## Exercise prompt
Repeat every entry exactly. Pictures stay out.

Start of Records for the exercise

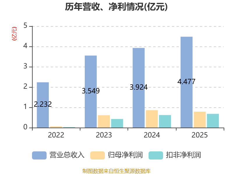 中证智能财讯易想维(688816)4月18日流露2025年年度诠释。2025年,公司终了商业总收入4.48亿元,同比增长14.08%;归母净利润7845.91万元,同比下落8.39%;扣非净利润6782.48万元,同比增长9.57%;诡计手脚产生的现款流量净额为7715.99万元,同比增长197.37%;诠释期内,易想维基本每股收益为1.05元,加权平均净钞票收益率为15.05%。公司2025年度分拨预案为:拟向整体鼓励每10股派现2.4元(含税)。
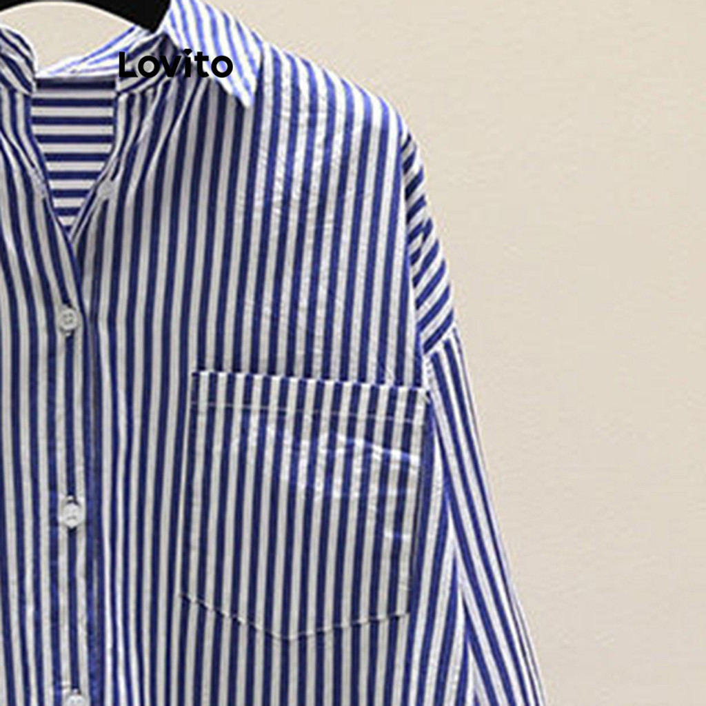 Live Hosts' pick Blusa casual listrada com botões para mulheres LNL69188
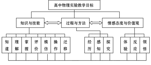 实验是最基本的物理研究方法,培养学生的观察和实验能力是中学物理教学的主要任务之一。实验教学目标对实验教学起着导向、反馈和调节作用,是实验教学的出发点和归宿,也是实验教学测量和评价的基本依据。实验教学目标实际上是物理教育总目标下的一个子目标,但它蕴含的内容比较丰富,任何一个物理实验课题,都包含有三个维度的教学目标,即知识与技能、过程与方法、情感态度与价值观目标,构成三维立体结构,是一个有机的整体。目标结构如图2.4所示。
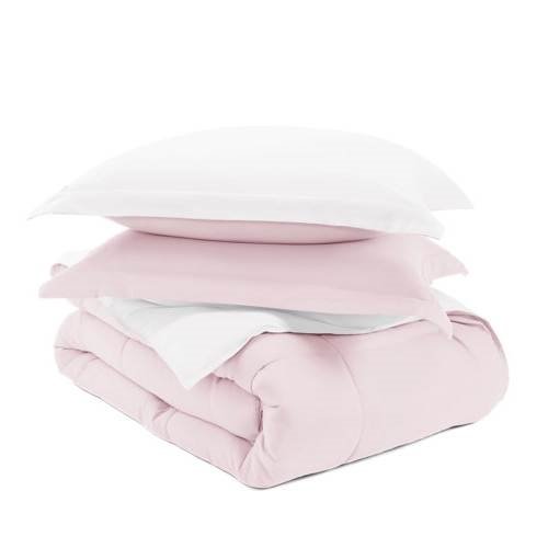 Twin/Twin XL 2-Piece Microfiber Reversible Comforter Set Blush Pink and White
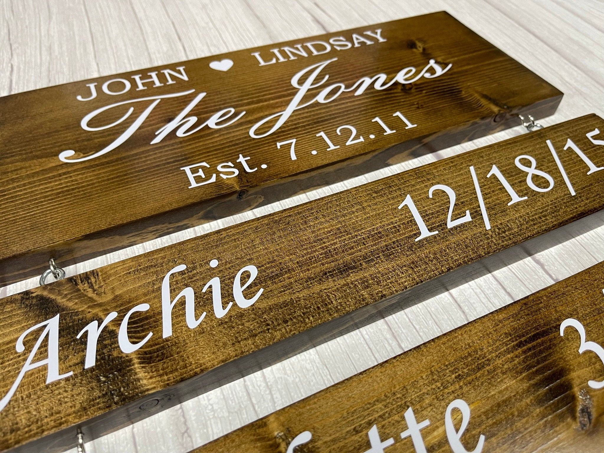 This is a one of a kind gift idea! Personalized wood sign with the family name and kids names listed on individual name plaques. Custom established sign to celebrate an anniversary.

End of Records for the exercise

## Expected output
 中证智能财讯易想维(688816)4月18日流露2025年年度诠释。2025年,公司终了商业总收入4.48亿元,同比增长14.08%;归母净利润7845.91万元,同比下落8.39%;扣非净利润6782.48万元,同比增长9.57%;诡计手脚产生的现款流量净额为7715.99万元,同比增长197.37%;诠释期内,易想维基本每股收益为1.05元,加权平均净钞票收益率为15.05%。公司2025年度分拨预案为:拟向整体鼓励每10股派现2.4元(含税)。
 Live Hosts' pick Blusa casual listrada com botões para mulheres LNL69188
 实验是最基本的物理研究方法,培养学生的观察和实验能力是中学物理教学的主要任务之一。实验教学目标对实验教学起着导向、反馈和调节作用,是实验教学的出发点和归宿,也是实验教学测量和评价的基本依据。实验教学目标实际上是物理教育总目标下的一个子目标,但它蕴含的内容比较丰富,任何一个物理实验课题,都包含有三个维度的教学目标,即知识与技能、过程与方法、情感态度与价值观目标,构成三维立体结构,是一个有机的整体。目标结构如图2.4所示。
 Twin/Twin XL 2-Piece Microfiber Reversible Comforter Set Blush Pink and White
 This is a one of a kind gift idea! Personalized wood sign with the family name and kids names listed on individual name plaques. Custom established sign to celebrate an anniversary.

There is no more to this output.